Power can be abused through actions ranging from the inadvertent poorly worded communication to purposeful favoritism to outright unlawful acts. In some European countries, leadership’s power is occasionally shared with workers having explicit positions on governing boards. In the United States, we have some examples of healthcare insurance cooperatives, which involve mutual assistance with a common goal of shared governance. These mechanisms foster shared power and autonomy. That said, this shared power comes with its own responsibility, such as advocating for those you represent and communicating to multiple stakeholders to enhance transparency.

Clear communication and transparency are one of the tools we can use to mitigate the misuse of power. In healthcare organizations, we have an ethical obligation to have good communication between the leadership and the staff. This falls under the same principles that drive informed consent. If you are going to purposely or inadvertently coerce or potentially harm someone through a budgetary decision or a change in organizations rules, are you not obligated to at least try to obtain a form of consent, or at least acknowledgment and recognition from those affected? Clearly, the leader’s obligations to communicate and to achieve at least transparency if not necessarily the consensus of the governed is constrained by the nature of the decision, the time frame the decision must be made, the cost of communication in time and effort, and the impact on those affected by the decision. Structurally, committees and oversight mechanisms may act as proxies for the consent of others, much in the way trust-building can help one-to-one relationships. The obligation of the leader increases, not decreases, with their hierarchical distance from the employee. The more difficult the decision and the more lives affected, the greater the need for transparency.

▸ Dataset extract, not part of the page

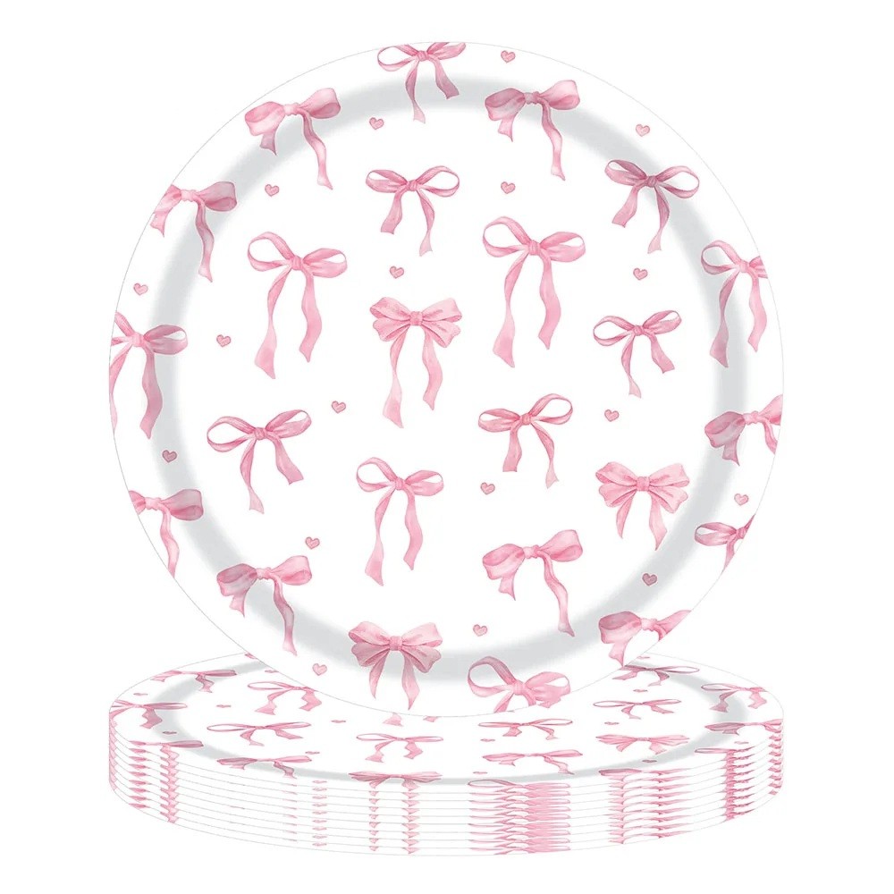 10 ks Papierové party taniere 22,9 cm Ružové mašličky a srdiečka Jednorazové narodeninové taniere na torty dezerty a občerstvenie

We are ethically obligated to design our organizational structures to enhance responsibility and staff connection. We have learned in the equity-focused discussions that social and organizational structures can facilitate and perpetuate behaviors, both good and bad.Footnote 8 Organizational hierarchy, itself unfortunately may be used to shield or dissipate responsibility rather than enhance it. Part of the current distress and mistrust in healthcare is a feeling of lack of connection between those on the front lines of care, who often must respond to decisions made without their input or knowledge, and those in the “c-suite.” The use of euphemisms, such as “c-suite,” by frontline staff to label the senior-level leadership is a manifestation of disconnection and distance. This lack of connection creates a sense of loss of control, engagement, and depersonalization. From the senior leadership side, the more disconnected a person is from the direct impact of their actions or decisions, the easier it is to contribute to staff misunderstanding and discord. For example, leadership decisions will need to be made that may not be universally accepted by all staff. In such situations, we believe that organization-wide justification is essential. Such transparency stems from the importance of communicating the justifying reasons leading to a decision. Even though the decision may not resonate with everyone, such transparency can help create trust and respect. Similarly, one can see how appreciated and beneficial it is when organizational leaders spend time with their frontline workers, getting to know them as people and the consequences of decisions made that affect them directly.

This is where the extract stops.